Давно я здесь не был. Нет, в деревню-то я всё же наезжал, но ненадолго, наскоком. На вечернем автобусе приедешь, а утром, чуть свет, уже трусишь мимо занавешенных, запотевших окон к остановке, – на утренний.
А чтоб вот так беззаботно, не глядя на часы: кабы куда не опоздать, бродить по заросшим травой-муравой тропинкам, выбитым вдоль быстрой и студёной речки, – давненько этого не случалось. И я был счастлив. Такая радость подкатывала, что обдавало щекочущим холодком восторженно бьющееся сердце. Небо с утра выдалось чистое-чистое, без единой облачной ряби, поэтому я не обращал на него внимания, шёл и шёл всё дальше от людского жилья.
...И вдруг почувствовал, что травный дух становится гуще, тяжелее, как бы угарнее. Стало душно, жарко.
Я снял рубаху... Сначала подумал, что это полуденное солнце виновато, по часам наступало самое жаркое время. Поднял голову, чтоб увидеть, как высоко забралось светило. И здесь всё понял. Вдали, на западе, над синеющим лесом расплывалось чёрное пятно. Словно далеко-далеко, там, где прячется ночная мгла, поднялся сильный ветер, оторвал клочок от ночи и пригнал его сюда, в бескрайний разлив полуденного света. Собирался ливень. Марило и пекло нещадно.
...Я поворотил к дому... Фиолетовая туча быстро расплывалась по небу, как чернильное пятно на промокашке. Потянуло пронизывающим холодком. И я прибавил шаг. Ориентиром для меня среди высоких трав и кустарников была силосная башня в начале села: успеть бы только до неё, а там никакой дождик не страшен – до крайних домов рукой подать. Я смотрел на свой маяк. И шёл к нему...

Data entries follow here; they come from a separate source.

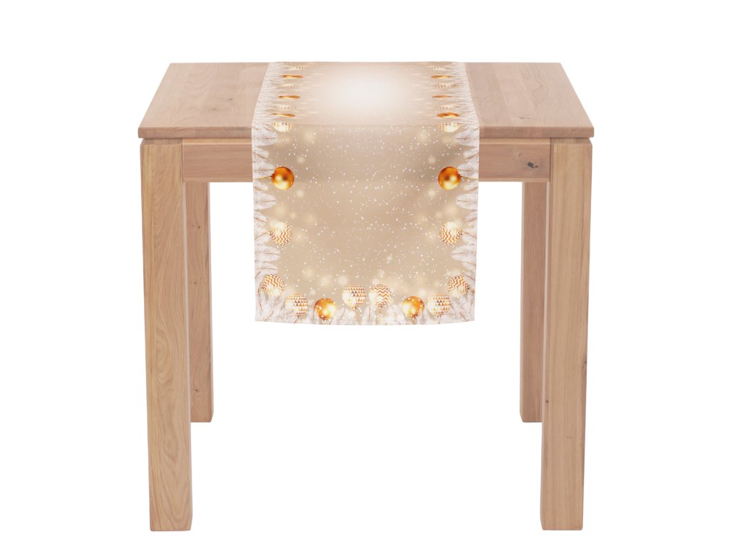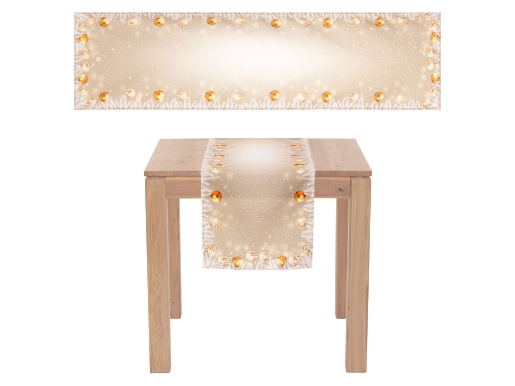 Jemný dekor v dokonalém spojení elegance a vánočních prvků dělá z tohoto běhounu jedinečný doplněk pro váš interiér nachystaný na nejkrásnější svátky v roce. S motivem ozdobných koulí rozprostřených na zlatém podkladu se bude vyjímat jak na konferenčním, tak i jídelnovém stole nebo na komodě stojící poblíž ozdobeného stromku. Lze snadno kombinovat s dalšími textiliemi a dekoracemi.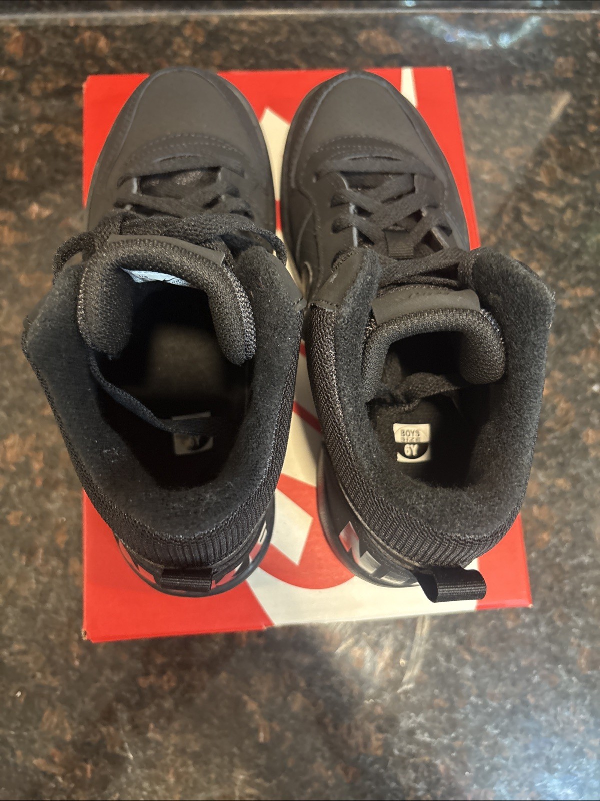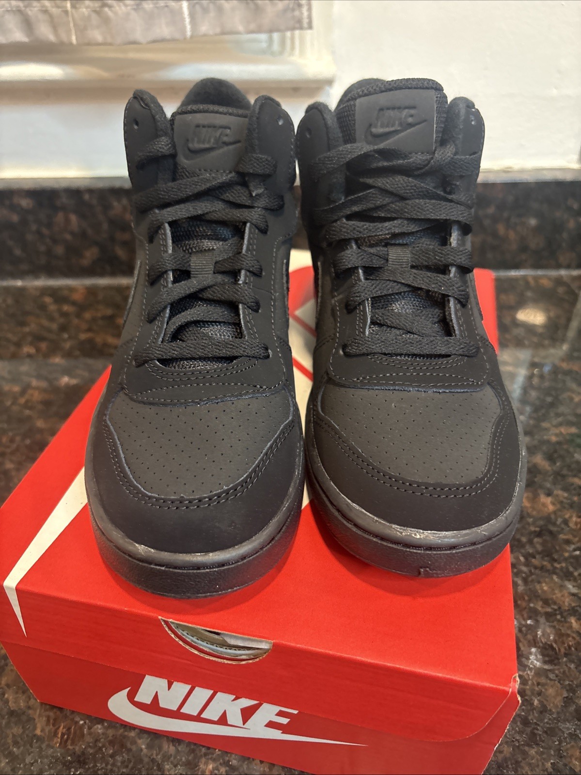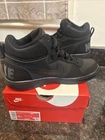 The Nike Court Borough Mid GS Trainers 839977 Sneakers Shoes in size 6 for Youth Boys are a stylish and comfortable option for young boys. Featuring a mid-top shoe shaft style, these black trainers are made of synthetic fabric with a synthetic insole for durability and easy maintenance. With the iconic Nike brand, these casual sneakers are perfect for everyday wear and come in a classic sneaker style. These shoes are designed for boys and offer a combination of style and functionality, making them a must-have addition to any young boy's wardrobe. Brand new in box!!!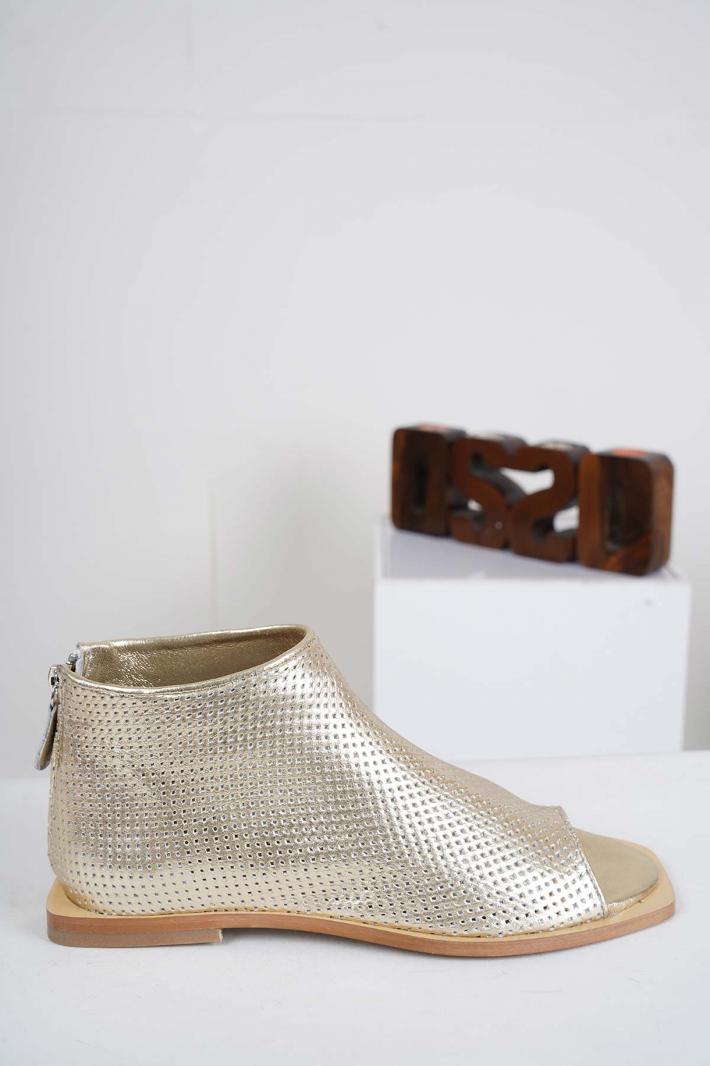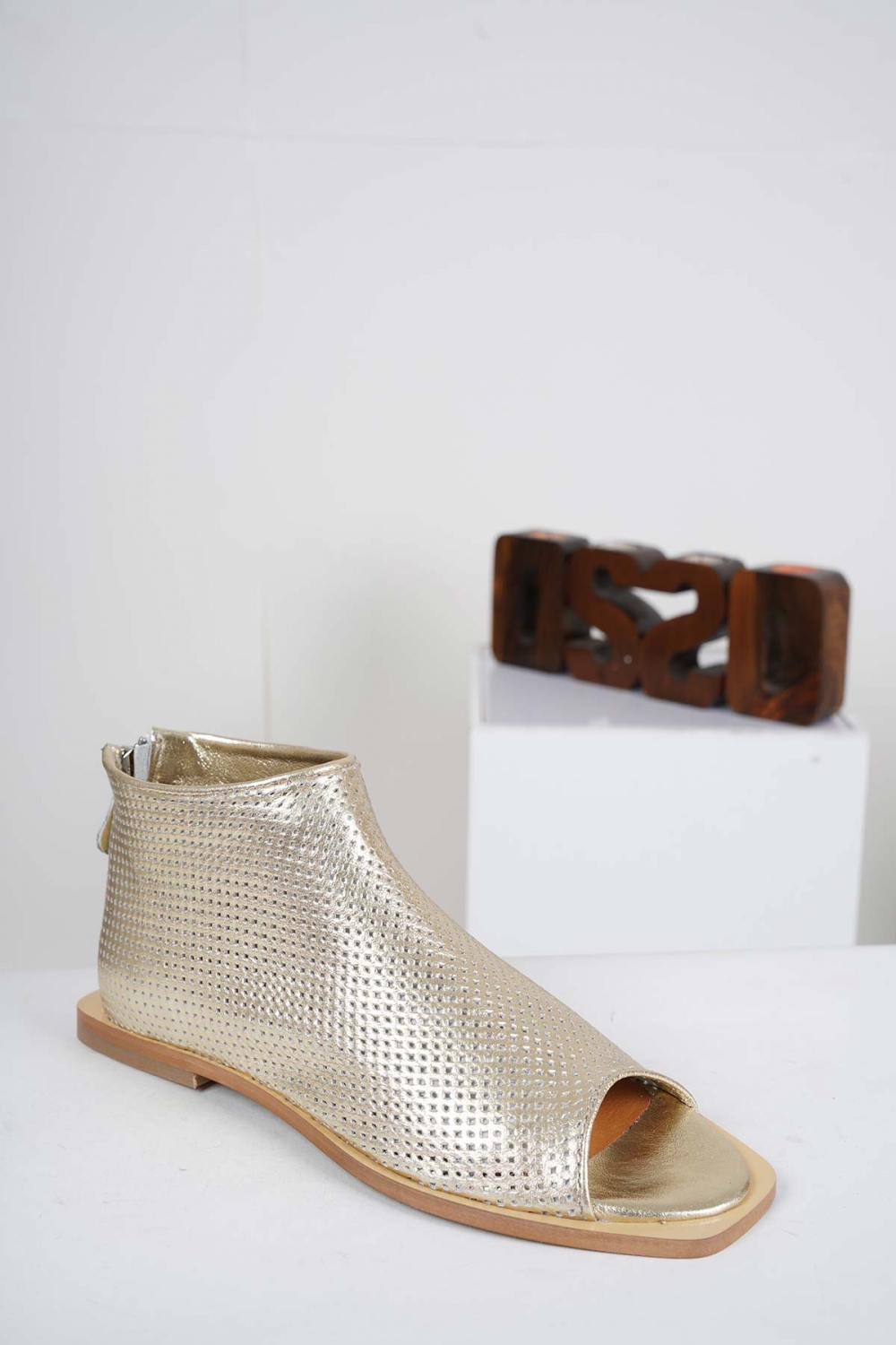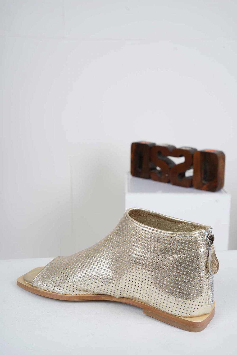Hakiki Deri Altın Kadın Burnu Açık Bot 221110201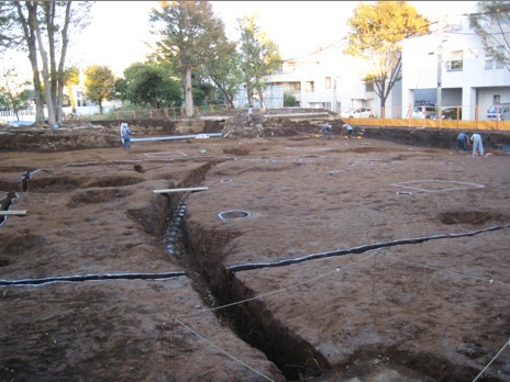 ここでは建替え工事に際し発掘調査を行っており、縄文時代の住居跡などを調査していました。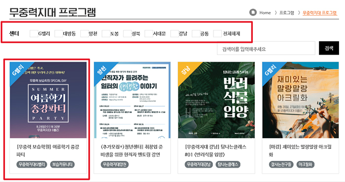 1. 자기가 거주하고 있는 지역의 무중력지대 센터를 홈페이지 상단에서 클릭한다.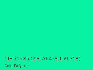 CIELCh 85.098,70.478,159.318 Color is a normal green color and the nearest color is Medium Spring Green #00fa9a. Hex code #08f2a3 and RGB value is rgb(8,242,163). In RGB color space, this color is composed of 3% red, 95% green, 64% blue, In CMYK color space, this color is composed of 97% cyan, 0% magenta, 33% yellow , 5% black , In HSL color space, this color has a hue angle of 160° , 94% saturation and 49% lightness.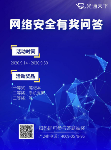 为增强全民网络安全意识,光通天下策划了“网络安全有奖问答”活动,并于9月14日正式发布。通过风趣幽默的网络安全问题,向民众传递网络安全观念,引导学习网络安全知识。活动将持续至9月30日,通过扫描活动海报上的二维码即可进入答题,与全国网民一决高下。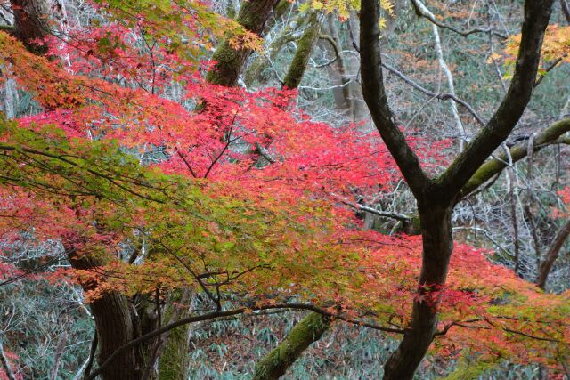 出がけには晴れていた空も、いまは一面の雲に覆われてしまい、せっかくの紅葉もくすんでいるみたいです。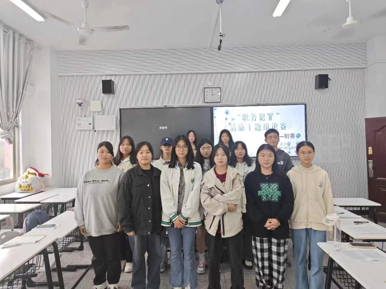 11月10日,KY官网学风建设月开展“廉洁建设重在预防还是惩治”主题辩论赛,辩论赛在致远楼202模拟法庭举行。法学院党总支副书记刘景春、学工办主任陈玲、辅导员羊哲思、廖俊宏出席。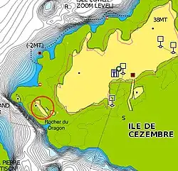 Le rocher du dragon est situé à une dizaine de mètres au sud-ouest de l'île de Cézembre[5][réf. nécessaire]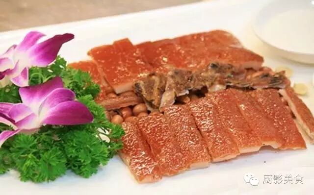 (2)色泽、风味:肉质细嫩,皮色黄亮,瘦肉红似玫瑰、脂白有光泽、气味鲜香、滋味浓郁。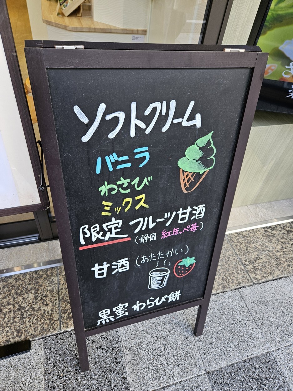 아타미에서 신칸센을 타고 시즈오카로 돌아왔다. 아타미에서 좀 걷고 했으니, 간식을 하나 먹기로 한다. 바로 시즈오카의 명물 와사비로 만든 소프트크림.

Сейчас башня была для меня вехой спасенья от надвигающейся непогоды. До неё оставалось где-то полкилометра, когда впереди меня замаячила человеческая фигура.
На мужчине, видимо, поднявшемся от речки из-под крутого обрывистого берега, был брезентовый пиджак, стоптанные (он двигал ногами, а не поднимал их) самодельные брезентовые тапки, застиранные и потому сделавшиеся белёсыми широченные брюки, а на голове пестрела «южная» шапочка с отрванным козырьком...
Я его сразу узнал. Да и как не узнать? Такой в деревне один. Это Петя Леснов. Или Петёка, как его звали сельчане. Он спешил, и я, как ни старался, не смог с ним поравняться.
От светлого июльского дня не осталось ни лучика. Всё потемнело, словно безвременно опустился вечер.Но дождик ещё не начинался. С неба лишь упали далеко друг от друга единичные капли, словно для пристрелки.
И опять всё замерло. Эта пауза и обманула меня. Я постоял, постоял в башне да подумал: успею до дому добежать.Пока ливень спохватится, я буду уже в избе сидеть у окошка и смотреть, как разворачиваются грозовые события.
Но только я прошёл первые дома, как обрушилась водяная лавина. И мне ничего не оставалось, как вбежать на парадное крыльцо первого попавшегося дома. И, уже стоя под крылечным полукрышком, я сообразил, что это изба Пети Леснова. Крыльцо оказалось ненадёжным укрытием. Сквозь рассохшиеся доски сверху брызгало, как сквозь крупное сито. Перила отошли от столба, обнажив ржавые гвозди. Но не успел я подивиться на такую бесхозяйственность, как дверь тонко заскрипела и в проёме показался хозяин. Он, держась левой рукой за щеколду, что-то болкнул. А что – не разобрать. Мне больше сказала широкая расхабаренная дверь, чем сам Петёка: в дом приглашает. Я прошёл.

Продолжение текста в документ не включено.